Alone the fact that the Times feels it has to address Modern Monetary Theory (MMT) shows how relevant it has become. When we launched BRAVE NEW EUROPE at the end of 2017 only a handful of people knew what MMT was.

Richard Murphy is Professor of Practice in International Political Economy, City University of London. He campaigns on issues of tax avoidance and tax evasion, as well as blogging at Tax Research UK

Cross-posted from Tax Research UK

David Smith
My Sunday Times piece today is on the curiously named modern monetary theory (MMT):
Worried about debt? Not in a world running on MMT
Today, something slightly different. This is in the nature of an economic version of a request show. I have had many requests to write about what is known as modern monetary theory (MMT) and this is


David Smith has, apparently, been lead economics editor of the Sunday Times since 1989. Today he addressed the issue of modern monetary theory, and you would have hoped, given that experience, that he might have offered some intelligent insight or comment since he claimed to have read Stephanie Kelton’s ‘The Deficit Myth’. This, however, is the Murdoch press in action, and what he offered was anything but that. For an alternative way to read his comments, see here.

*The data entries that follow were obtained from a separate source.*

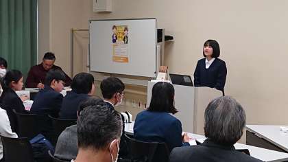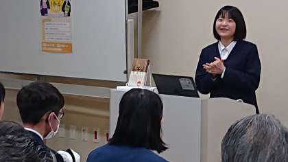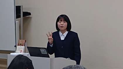 Aグループ4番手 2年長尾さん「コーヒーが冷めないうちに」【川口 俊和 著】前の発表者たちも何回も練習を積んできているので、なかなか手強いです。質問も沢山飛んできます。堂々と答える態度に自信が現れています。(副校長)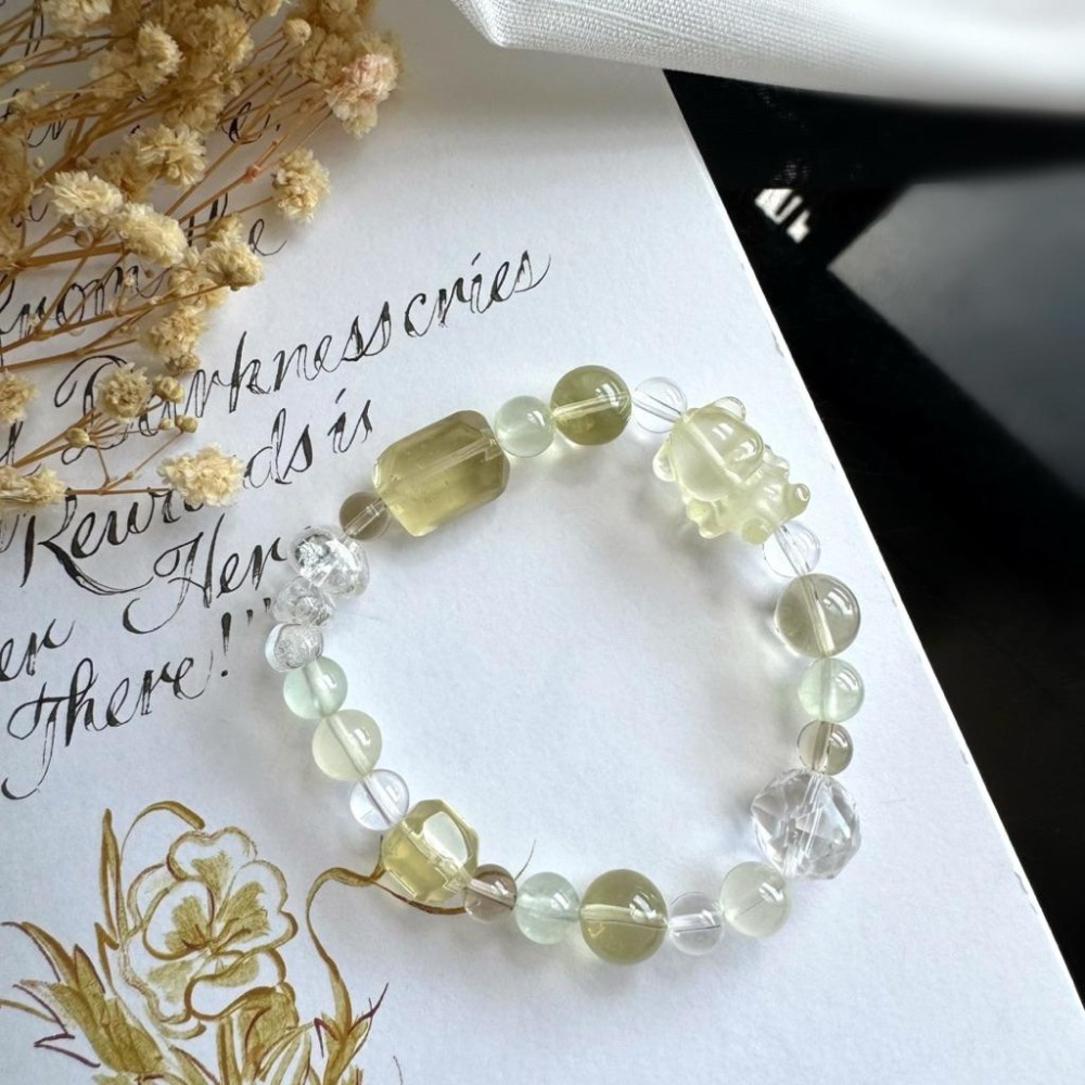 這款清新系水晶手鍊,精選白水晶、葡萄石、竹葉青、檸檬黃、魔晶宙斯黃水晶等天然水晶搭配立體天使翅膀熊熊雕刻設計,象徵財運守護與平安如意。晶體通透柔和,色調如晨曦般溫潤寧靜,展現療癒與好能量的完美融合,黃水晶招財、葡萄石安定心神、白水晶淨化磁場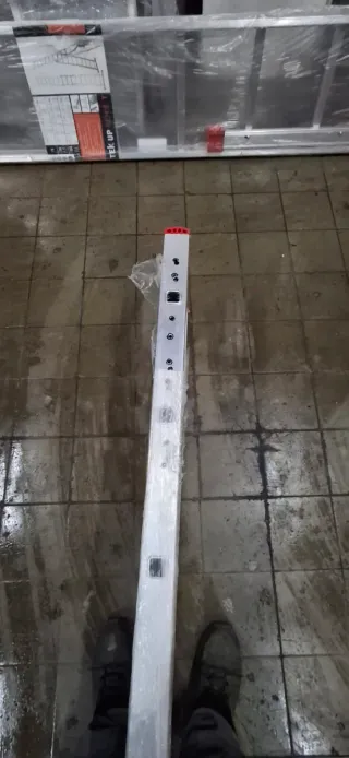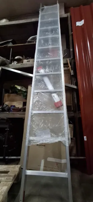 Escalera de aluminio con 12 peldaños, ideal para trabajos en altura. Se encuentra en buen estado y lista para su uso. - Material: Aluminio - Número de peldaños: 12 Los agujeros que tiene la Escalera se hicieron como prueba para fijar en una máquina, nunca se a usado.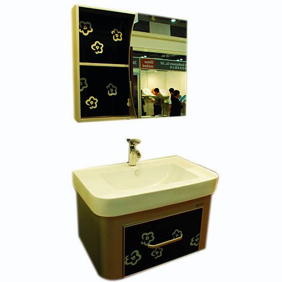 This bathroom cabinet with a basin has a special floral print that is distinctive. This non-angular-shaped bathroom cabinet reduces the possibilities of accidents. This bathroom cabinet is durable and easy to clean.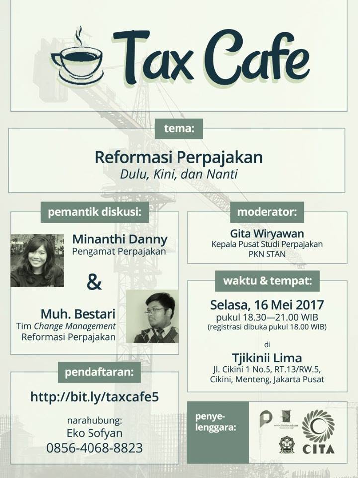 Post Views: 1.113 Memperingati Hari Pajak Nasional 14 Juli 2019, CITA bersama dengan IKA STIAMI dan PajakMania mempersembahkan kegiatan diskusi rutin Tax Café yang bertema “Gatal Pajak Digital?”, pada: 🗓 Hari/tanggal : Jumat, 26 Juli 2019 ⏰ Waktu : 14.00 s.d. 16.30 WIB 📍 Tempat : Kampus Pusat Institut Ilmu Sosial dan Manajemen STIAMI (Institut […]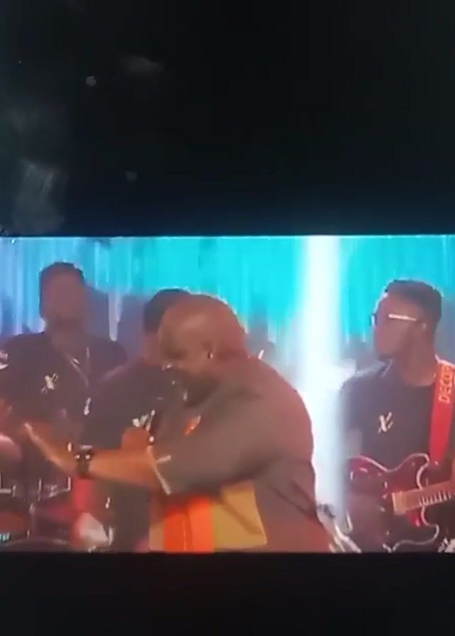 A screen shows a recording of a musical performance. On a brightly lit stage, a dark-skinned man in a tan and orange shirt sings with a microphone. A band behind him plays instruments, and they wear black shirts with a white V logo. The stage is packed with musicians and equipment. The recording has the words “one love” at the bottom. The recording is then shown on a cell phone.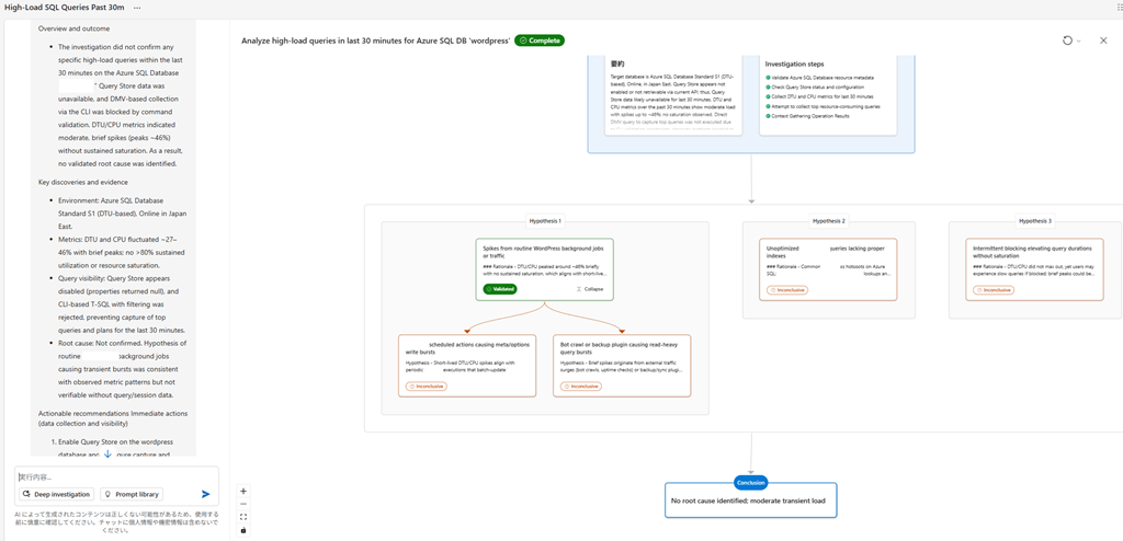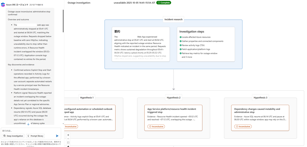 Azure SRE Agent では通常のプロンプトによる問題の調査の他に「Deep investigation」による調査を行うことができ、この機能を使用した場合「Incident resarch」「Hypothesis」「Conclusion」の 3 ステップで問題に対しての調査を行うことができます。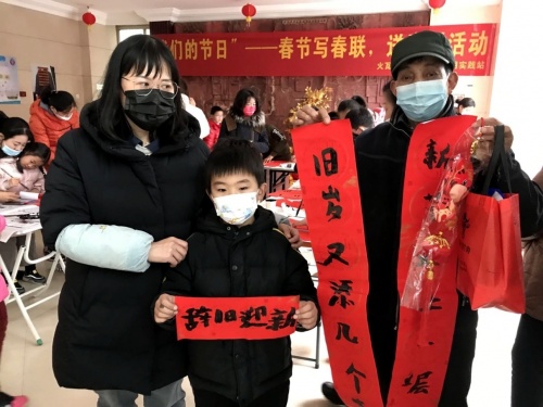 寫春聯(lián)活動結(jié)束后,小學(xué)童獲得社區(qū)贈送新年紅燈籠虎仔小掛件歡心鼓舞,手捧著他們各自新作墨寶紛紛要求合影拍照,家長們笑逐顏開,相互交流。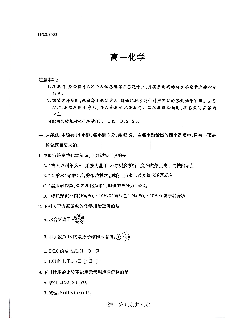 河南天一大联考2026年高一年级下学期3月大联考 化学.pdf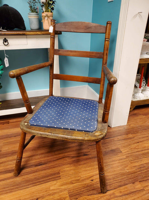 Only 1 left!Minimal line detail pine wood chair with blue seat/cushion. 22"x21"x33"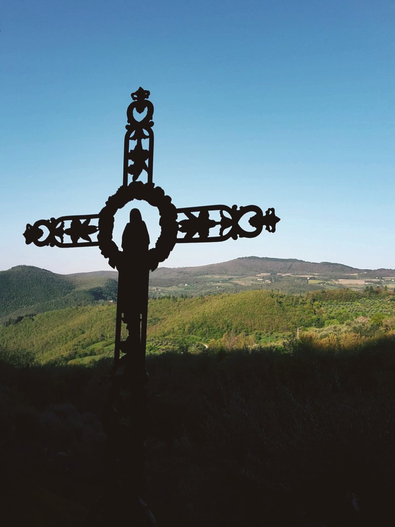 Following Via di Monte Senario, the path becomes familiar – this is also part of Via degli Dei (the Path of the Gods) between Florence and Bologna. Heading downhill on a grassy path to Vetta le Croci, we have a feast for our eyes. Facing south, the vast greenery covers the hills, the valley of the Mugnone river and Fiesole appear on the horizon, and Poggio Pratone dominates the landscape at 2,303 ft (702 m).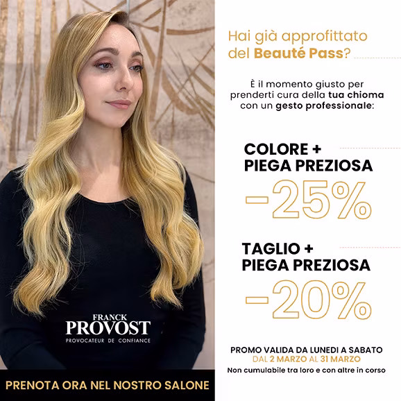 Eleganza, raffinatezza, cura dei dettagli. Con i Buoni Beauty Franck Provost, ogni gesto di bellezza si trasforma in un rituale prezioso: -8€ sul colore per illuminare la chioma con nuove sfumature -5€ sul taglio per riscoprire l'armonia dei volumi -5€ sulla piega preziosa per uno styling impeccabile Concediti un momento esclusivo, pensato per esaltare la tua unicità con classe e stile. Perché la vera bellezza è sempre un dettaglio di lusso.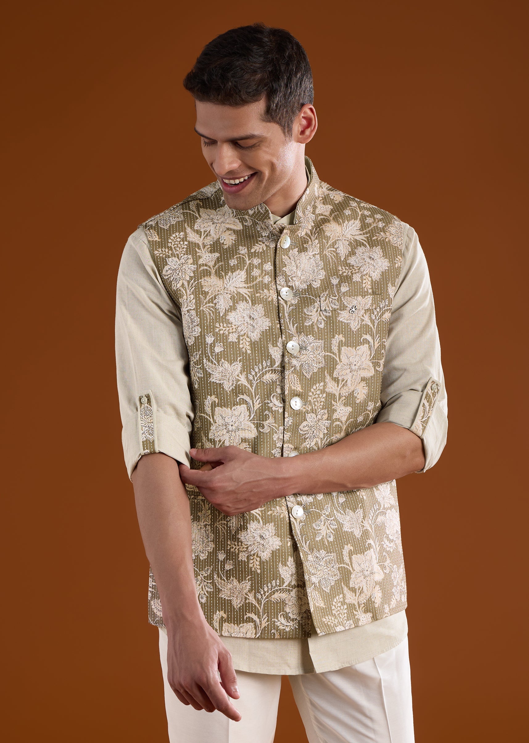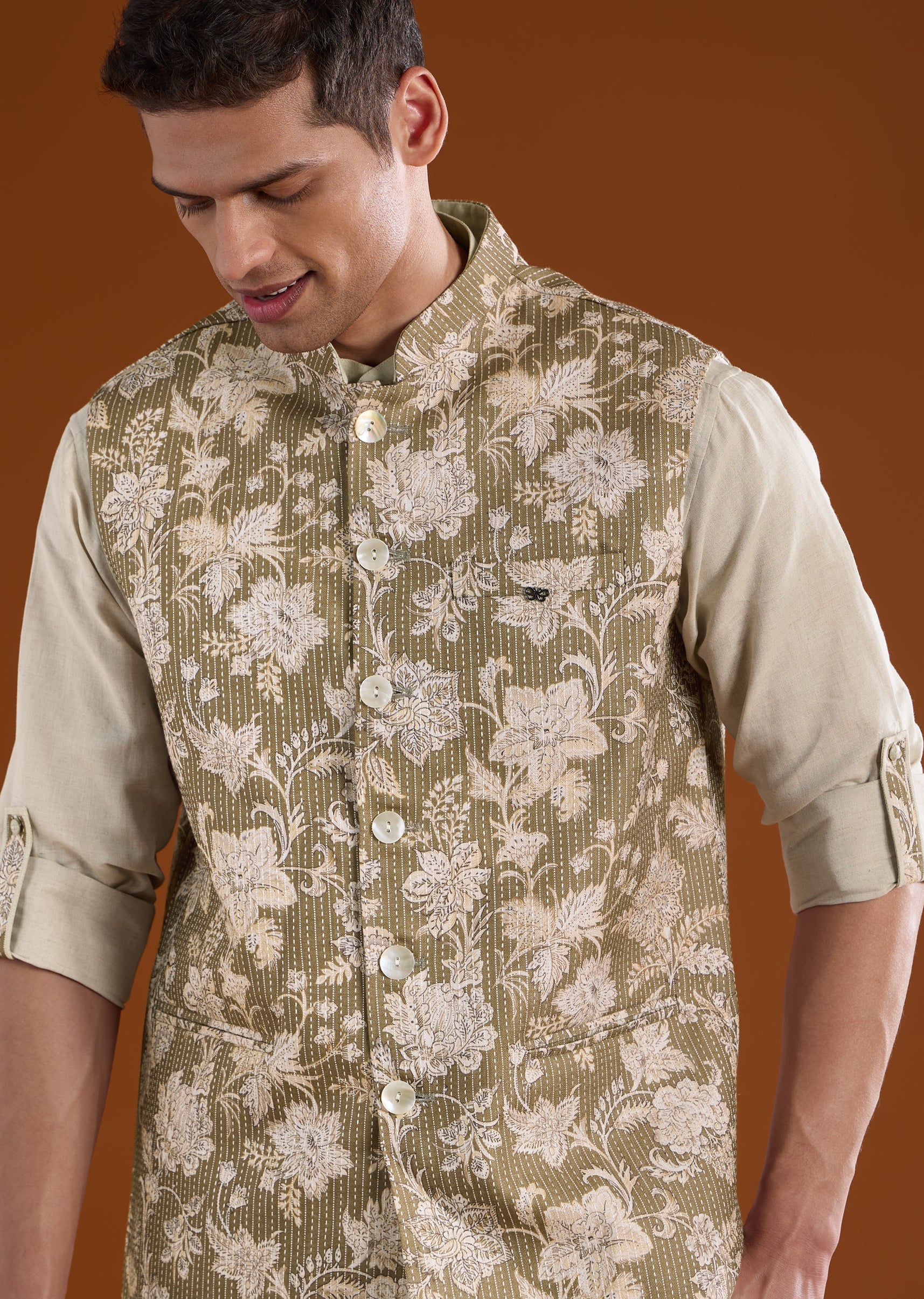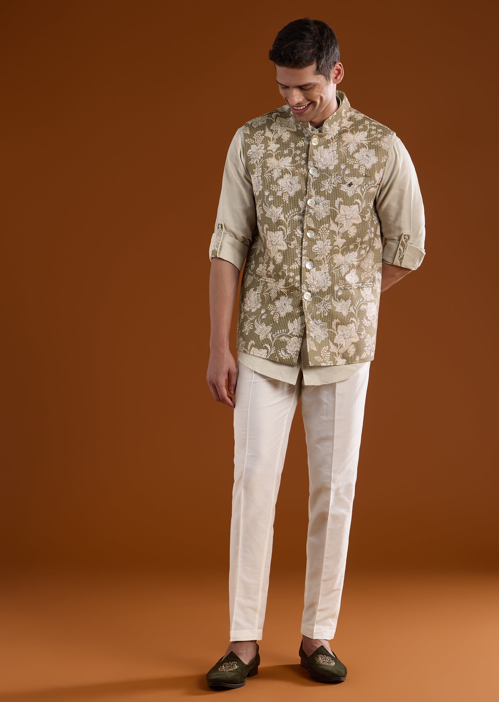 Green Silk Mens Kurta Jacket Set With Floral Pattern

I discussed his article this morning with someone who knows more than I do about modern monetary theory, and suggested that it was not worth responding because the article was so poor, but, since then I have noticed that some who also offer deeply unintelligent comment upon modern monetary theory on Twitter and elsewhere were latching onto the article with glee, despite its origins, and so feel it necessary to do so.

He started with a common trope, saying:

My reluctance to write about it has been in part because its true believers can get very exercised when faced with criticism, even if it is constructive.

But that’s not true. What we do get really bored with is people making claims as to what MMT is that are not true. And why not?

Having started in this way little got better thereafter. For example, he claimed this of Stephanie Kelton’s book:

It is arranged as a series of myth-busting chapters, although people who are aware of conventional economics do not believe many of these myths. The first “myth” is that the government’s budget is not the same as a household budget; something I thought had been buried many years ago. The same goes for most of the other myths.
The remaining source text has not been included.